Revista Ambientum -la primera revista on-line de medio ambiente
Buscador de contenidos. Buscar en Revista Ambientum y Enciclopedia Ambientum.

BUSCAR
HOME MÁS ARTICULOS - listado de artículos de números anteriores AMBIENTUM TARIFAS DE LA REVISTA
Edición febrero 2003 - La Primera revista on-line de medio ambiente
Uso de las aguas subterráneas
Versión para Imprimir

En España, al igual que en otros muchos países en los que las precipitaciones son escasas e irregulares pero el clima es muy apto para la agricultura, comienza a partir de los años 50 la explotación de los acuíferos subterráneos, debido principalmente a los avances tecnológicos en esta materia. La aparición de pozos no respondió a ninguna planificación previa, sino que los propios agricultores son los que, apercibiéndose de las posibilidades existentes, se dedicaron a abrir nuevos pozos junto a sus cultivos.

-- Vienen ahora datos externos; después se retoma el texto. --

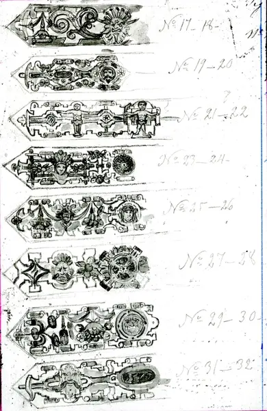 Gyllene salen på Kalmar slott. Skisser av Nils Månsson Mandelgren 1848. På vissa plåtar har Martin Olsson klistrat eltejp för att markera hur bilden skulle beskäras i boken.

Actualmente en España, la extracción de aguas subterráneas supone el suministro aproximado de 5.500 hm3, de los cuales unos 1.500 se destinan al abastecimiento de agua potable a las poblaciones, y el resto a riegos agrícolas que abarcan una superficie de un millón de hectáreas. Esta cantidad asciende a cerca de la tercera parte del total de agua suministrada en el caso de urbanas e industriales y a la cuarta parte de la agrícola, lo cual supone un global de 12 millones de habitantes suministrados a partir de acuíferos subterráneos.

Debido a una serie de actuaciones incontroladas por parte de algunos usuarios, algunos acuíferos se encuentran sobreexplotados, dando lugar a diversos problemas como agotamiento de las reservas, deterioro de la calidad del agua, contaminación, etc. El problema de la sobreexplotación afecta a un gran número de acuíferos utilizados como fuente de suministro de agua potable. Las estimaciones actuales cifran en 58 las unidades hidrológicas, entre el 20 y 30 % de los recursos, que ven amenazada su sostenibilidad.La protección de las aguas subterráneas frente a usos indebidos y excesivos queda actualmente contemplada en la Directiva Europea 80/68/CEE. Según ésta, la integración de las aguas subterráneas en la gestión hídrica, la preservación de la calidad frente a la contaminación y la optimización de los actuales aprovechamientos son las tres condiciones para aumentar la disponibilidad de recursos hídricos y, por consiguiente, para reducir el uso indiscriminado de las aguas subterráneas.
Tablas de Daimiel

La sobreexplotación de un acuífero se produce por una diferencia entre el rápido consumo de agua y la lenta capacidad de recarga del mismo, sobre todo en tiempos de sequía. En acuíferos costeros provoca la invasión de agua salada, como está sucediendo en muchos puntos de la costa mediterránea, inutilizándolos para el consumo tanto urbano como agrícola, además de desequilibrar el ecosistema donde esté integrado. Cabe citar el caso de las Tablas de Daimiel donde la sobreexplotación de los acuíferos provocó hace pocos años el secado de ciertas áreas, con el consiguiente impacto medioambiental.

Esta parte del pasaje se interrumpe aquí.